First, a transmission outage which results in the power project not being synchronized to the grid is excluded from the calculation of Forgone Energy. Further, even if such a transmission outage was an event of force majeure under the RESA, the Key RESA Terms do not permit an extension of the twenty (20) year RESA term if such a force majeure event occurs after COD. Thus, it appears to AlbertaPowerMarket.com that if the transmission system to which the project is connected goes out completely, as opposed to being partially constrained or congested, then there will be neither compensation paid by the AESO under the Forgone Energy calculations nor an extension of the RESA term for that transmission outage period. In other words, our reading is that transmission outage risk is to be borne 100% by the project proponent under the proposed terms for the RESA.
Second, there will be no compensation by the AESO under the RESA if pursuant to ISO Rule 202.5 the project is curtailed because at any time the supply of electricity at zero dollar ($0) bids (generally composed in Alberta of renewable generation and the minimum stable generation of the thermal plants) exceeds system demand. In other words, the successful proponent, and not the AESO, will bear the risk that over time Alberta procures more renewable electricity than the Alberta market requires to meet demand at any moment in time. Zero dollar ($0) Power Pool Prices happen infrequently now in Alberta, but over a twenty (20) year contract it is a risk that will need to be assessed by developers and their lenders. Again, many project proponents will criticize this proposed allocation of “project over build” risk because it is Alberta (through the AESO), rather than the project proponents, that will decide how much renewable electricity will be procured over time in the province.
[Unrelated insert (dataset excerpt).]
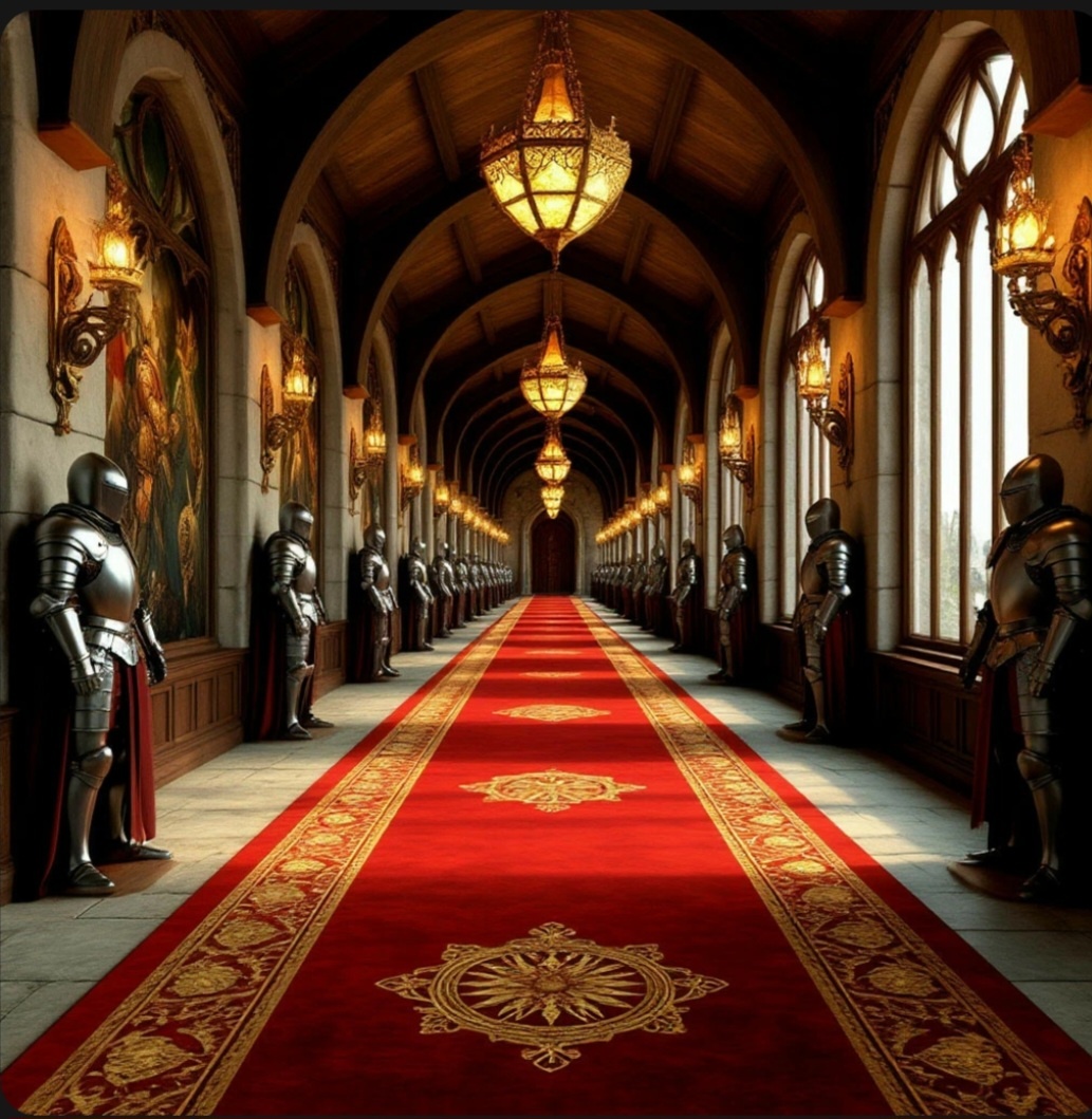 Теперь освобождённый от лишних мыслей я довольный рассекал коридоры академии. Всё было как в сказке. Стойки с рыцарской бронёй, что словно часовые ожидали приказ об обороне храма знаний. На стенах висели красивые картины, которые будто могут ожить если на них долго смотреть. Но красота была не только по сторонам, но даже над головой и под ногами. Если говорить про первое, то там были канделябры с горящими свечами, что играли различными цветами. Свет от огня интересно играл с металлом и стеклянными элементами ламп. Шли же мы по красивым красным коврам по краям у которых был золотистый ворс.

In summary, the AESO has moved on the curtailment risk issue, but it has only agreed to accept some of the curtailment risk caused by a transmission constraint. Proponents have not received the broader curtailment protection that many requested, which was to be compensated if they were not dispatched or dispatched down (i.e. curtailed) by the AESO for any reason that was beyond their control. Unless the AESO agrees to move again on this issue, the proponents will have to assess and factor the transmission constraint and broader curtailment risk for their projects into their bid prices in REP Round 1. This is not fatal in our view to REP Round 1, but its importance should not be overlooked as it may result in bid prices for REP Round 1 that are higher than they otherwise would be in Alberta.
We encourage the AESO to spend some time at the upcoming information session on April 18, 2017 or at another session, to more fully explain its thinking on curtailment. This should include how the Forgone Energy, Change in Law and Force Majeure provisions to be included in the RESA will work together to address various potential curtailment scenarios. This will help to clarify the issues, and may allay some of the developer and lender concerns in respect of curtailment.
Curtailment is only one of many issues identified by AlbertaPowerMarket.com in the latest Key RESA Terms. We are also speaking to clients about the provisions in the Key RESA Terms dealing with AESO termination for convenience (especially the limit and cap on payments if done prior to the commencement of construction), early COD, pre-COD energy, change in law, facility modifications, and the sharing of government support payments. A full legal version of the RESA, and not just the high level terms that we got last week, will be released by the AESO in the RFP stage of REP Round 1. We will continue to monitor RESA developments and post commentary at AlbertaPowerMarket.com on this and other issues that are applicable to the Alberta power market.